Extracted records Block Start
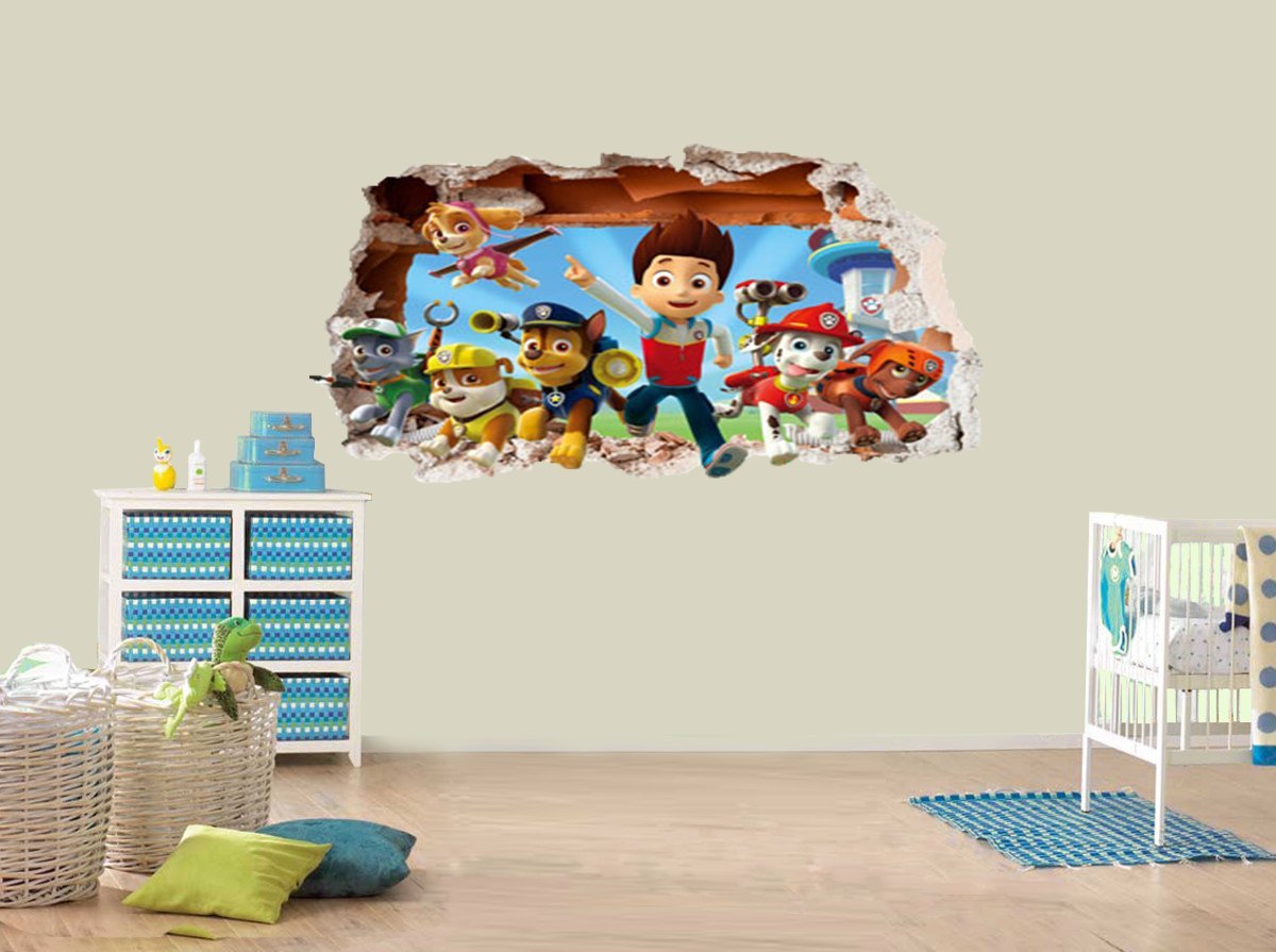 Paw Patrol Adesivi Murali Rotti 3d Per Camera Da Letto Ragazzo E Ragazza Decalcomania Murale Art Dimensioni Grande 75 Cm X 55 Cm Sticker Da Muro Cameretta
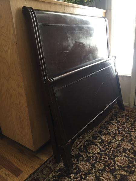 FINAL MARKDOWN, price is firm Selling this beautiful solid wood twin sized headboard and footboard only, sorry I do not have the rails. This bed is in good condition for its age, with exception of few minor issues with piece of trim needing replacement (shown in pics) and one minor chip in on one foot. Otherwise, this bed is its original condition and sure to last many more generations!
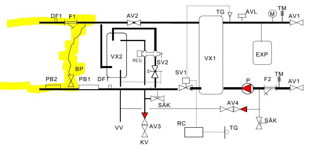 Det kom en trevlig kille från min fjärrvärmeleverantör och kollade och det visade sig att vredet som man kan justera bypassflödet med var paj, så den öppnade aldrig bypassen oavsett hur man vred den. Vi skruvade bort vredet och vips så började det flöda och jag fick varmvatten i kranarna igen
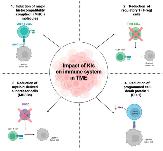 Impact of KIs on immune cells in TME. Some KIs through intrinsic mechanisms linked to the blocking of protein kinases, in addition to reducing the growth of cancer cells, can induce anti-tumor immunity. Some KIs mediated anti-tumor immunity through several mechanisms. These include: induction of MCHI molecules which increases the cytotoxic activity of CD8+ T-cells (panel 1), reduction of T-reg (panel 2), and MDSC cells (panel 3), causing an increase in immune cells and a reduction of PD1 expression on lymphocytes, which increases their cytotoxic activity (panel 4). The figure was created with the help of Biorender.com (accessed on 6 September 2022).
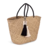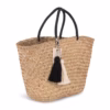 100% paille. Panier shopping classique avec tressage en fibres de paille. Pompon bicolore faisant office d’élément décoratif en coton et grande étiquette pour personnaliser facilement le produit.
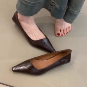 牛革バージョン~ミニマリストスタイルの小さな猫のヒールとポインテッドトゥの女性用パンプス2025秋通勤スティレットヒールの小さな革靴
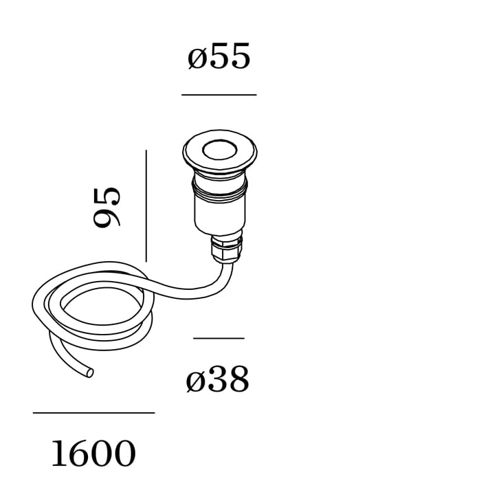 Light source: LED COB 5W 3000k – 275 lumens – CRI ≥ 80 IP67 – 220 240 V – phase cut dimmer. Dimensions: Ø 55mm
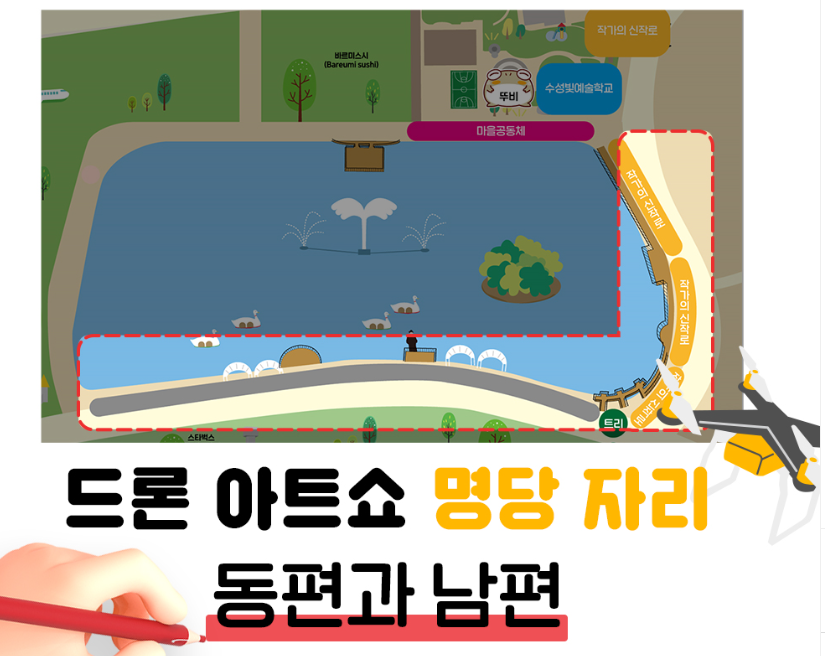 드론 아트쇼의 명당자리가 궁금하실 텐데요 수성빛축제 드론쇼의 명당자리는 수성못의 동편과 남편입니다.
Extracted records Block End
» Work to be completed:
Could you reproduce every record above exactly, leaving out the pictures?

» Exercise output:
 Paw Patrol Adesivi Murali Rotti 3d Per Camera Da Letto Ragazzo E Ragazza Decalcomania Murale Art Dimensioni Grande 75 Cm X 55 Cm Sticker Da Muro Cameretta
 FINAL MARKDOWN, price is firm Selling this beautiful solid wood twin sized headboard and footboard only, sorry I do not have the rails. This bed is in good condition for its age, with exception of few minor issues with piece of trim needing replacement (shown in pics) and one minor chip in on one foot. Otherwise, this bed is its original condition and sure to last many more generations!
 Det kom en trevlig kille från min fjärrvärmeleverantör och kollade och det visade sig att vredet som man kan justera bypassflödet med var paj, så den öppnade aldrig bypassen oavsett hur man vred den. Vi skruvade bort vredet och vips så började det flöda och jag fick varmvatten i kranarna igen
 Impact of KIs on immune cells in TME. Some KIs through intrinsic mechanisms linked to the blocking of protein kinases, in addition to reducing the growth of cancer cells, can induce anti-tumor immunity. Some KIs mediated anti-tumor immunity through several mechanisms. These include: induction of MCHI molecules which increases the cytotoxic activity of CD8+ T-cells (panel 1), reduction of T-reg (panel 2), and MDSC cells (panel 3), causing an increase in immune cells and a reduction of PD1 expression on lymphocytes, which increases their cytotoxic activity (panel 4). The figure was created with the help of Biorender.com (accessed on 6 September 2022).
 100% paille. Panier shopping classique avec tressage en fibres de paille. Pompon bicolore faisant office d’élément décoratif en coton et grande étiquette pour personnaliser facilement le produit.
 牛革バージョン~ミニマリストスタイルの小さな猫のヒールとポインテッドトゥの女性用パンプス2025秋通勤スティレットヒールの小さな革靴
 Light source: LED COB 5W 3000k – 275 lumens – CRI ≥ 80 IP67 – 220 240 V – phase cut dimmer. Dimensions: Ø 55mm
 드론 아트쇼의 명당자리가 궁금하실 텐데요 수성빛축제 드론쇼의 명당자리는 수성못의 동편과 남편입니다.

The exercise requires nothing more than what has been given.